Data provided –
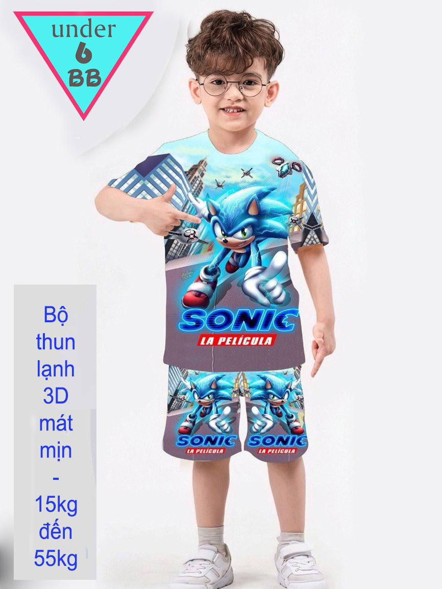 Đồ Bộ bé trai thun lạnh tay ngắn in 3D hình Sonic cho bé đi chơi , đi học
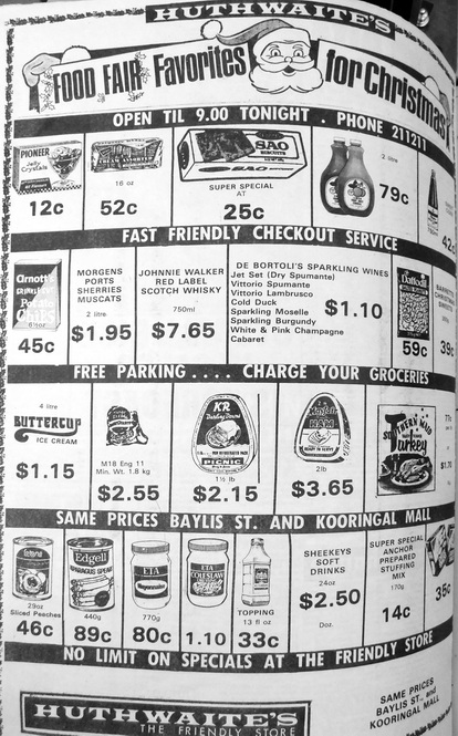 - Huthwaites are advertising Sao biscuits for 25 cents, Pioneer Jelly Crystals for 12 cents each and Johnnie Walker Red Label Scotch Whisky, 750ml for $7.65.
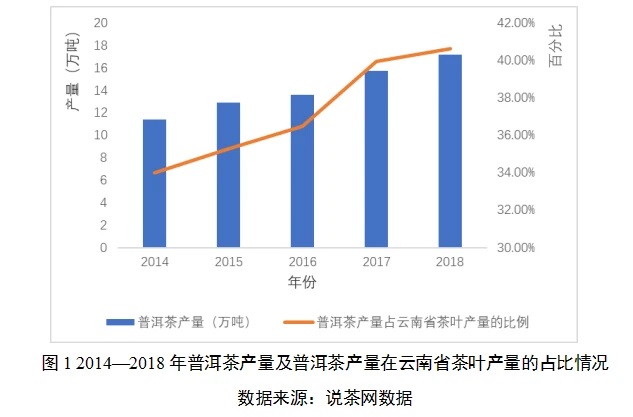 (一)產(chǎn)量持續(xù)增加。近五年來,普洱茶產(chǎn)量呈持續(xù)增加的趨勢(shì),從2014年的11.4萬噸增長(zhǎng)到2018年的17.2萬噸;普洱茶占比也不斷提高,從2014年的34.0%提高到2018年的40.6%。
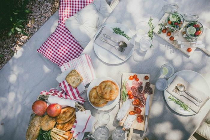 Si eres más de mesas informales y desenfadadas, la opción de picnic será ideal. Coloca los alimentos en diferentes tablas de madera y acompáñalos con panes de diferentes sabores.

Directions – Your answer must be only the lines from the one that holds "(一)產(chǎn)量持續(xù)增加。" to the end of the listing, each restated word for word, with both ends kept and pictures left out.

Exercise solution –
 (一)產(chǎn)量持續(xù)增加。近五年來,普洱茶產(chǎn)量呈持續(xù)增加的趨勢(shì),從2014年的11.4萬噸增長(zhǎng)到2018年的17.2萬噸;普洱茶占比也不斷提高,從2014年的34.0%提高到2018年的40.6%。
 Si eres más de mesas informales y desenfadadas, la opción de picnic será ideal. Coloca los alimentos en diferentes tablas de madera y acompáñalos con panes de diferentes sabores.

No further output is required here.